1Departments of Orthopedic and Neurological Surgery, NYU Langone Orthopedic Hospital, New York Spine Institute, New York, New York.
2Departments of Orthopedics and Physical Rehabilitation, University of Massachusetts Chan Medical School, Worcester, Massachusetts.
Neurosurg Focus. 2023 Sep;55(3):E9. doi: 10.3171/2023.6.FOCUS23304.
The objective of this study was to assess whether delaying surgical management of cervical deformity (CD) in patients with concomitant mild myelopathy increases the risk of suboptimal outcomes.
Patients aged ≥ 18 years who had a baseline diagnosis of mild myelopathy with baseline and up to 2 years of postoperative data were assessed. Patients were categorized as having CD (CD+) or not (CD-) at baseline. Patients with symptoms of myelopathy for more than 1 year after the initial visit prior to surgery were considered delayed. Clinical and radiographic data were assessed using means comparison analyses. Multivariate regression analysis assessed correlations between increasing time to surgery and peri- and postoperative outcomes adjusted for baseline age and frailty score.
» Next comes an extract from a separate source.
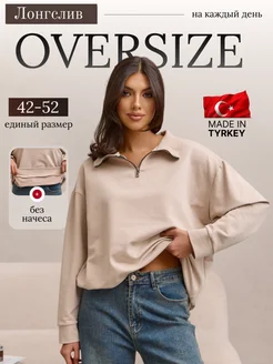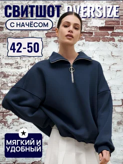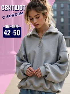 Свитшот оверсайз на молнии полузамок с воротником поло

Backstep logistic regression analysis assessed the risk of complications or reoperation, while controlling for baseline T1 slope minus cervical lordosis (TS-CL).
One hundred six patients were included (mean age 58.11 ± 11.97 years, 48% female, mean BMI 29.13 ± 6.89). Of the patients with baseline mild myelopathy, 22 (20.8%) were CD- while 84 (79.2%) were CD+. Overall, 9.5% of patients were considered to have delayed surgery. Linear regression revealed that both CD- and CD+ patients were more likely to require reoperation when there was more time between the initial visit and surgical admission (p < 0.001). Additionally, an adjusted logistic regression indicated that CD+ patients who had a greater length of time to surgery had a higher likelihood for major complications (p < 0.001). Conversely, CD+ patients who were operated on within 30 days of the initial visit had a significantly lower risk for a major complication (OR 0.901, 95% CI 0.889-1.105, p = 0.043), and a lower risk for reoperation (OR 0.954, 95% CI 0.877-1.090, p = 0.043), while controlling for the severity of deformity based on baseline TS-CL.
The findings of this study demonstrate that a delay in surgery after the initial visit significantly increases the risk for major complications and reoperation in patients with CD with associated mild baseline myelopathy. Early operative treatment in this patient population may lower the risk of postoperative complications.
本研究旨在评估颈椎畸形(CD)伴轻度脊髓病患者延迟手术治疗是否会增加手术结果不理想的风险。
评估基线诊断为轻度脊髓病且有基线和最多 2 年术后数据的年龄≥18 岁的患者。基线时将患者分为有 CD(CD+)或无 CD(CD-)。手术前初始就诊后脊髓病症状持续超过 1 年的患者被认为是延迟手术。采用均值比较分析评估临床和影像学数据。多变量回归分析评估了手术时间增加与术后并发症之间的相关性,调整了基线年龄和虚弱评分。后退逻辑回归分析评估了在控制基线 T1 斜率减去颈椎前凸(TS-CL)的情况下,并发症或再次手术的风险。
共纳入 106 例患者(平均年龄 58.11±11.97 岁,48%为女性,平均 BMI 29.13±6.89)。基线轻度脊髓病患者中,22 例(20.8%)为 CD-,84 例(79.2%)为 CD+。总体而言,9.5%的患者被认为手术延迟。线性回归显示,无论 CD-还是 CD+患者,初始就诊和手术入院之间的时间间隔越长,越有可能需要再次手术(p<0.001)。此外,调整后的逻辑回归表明,CD+患者手术时间越长,发生重大并发症的可能性越高(p<0.001)。相反,CD+患者在初始就诊后 30 天内手术的重大并发症风险显著降低(OR 0.901,95%CI 0.889-1.105,p=0.043),再次手术的风险降低(OR 0.954,95%CI 0.877-1.090,p=0.043),同时控制基于基线 TS-CL 的畸形严重程度。
本研究结果表明,CD 伴轻度基线脊髓病患者初始就诊后手术延迟会显著增加重大并发症和再次手术的风险。该患者人群的早期手术治疗可能会降低术后并发症的风险。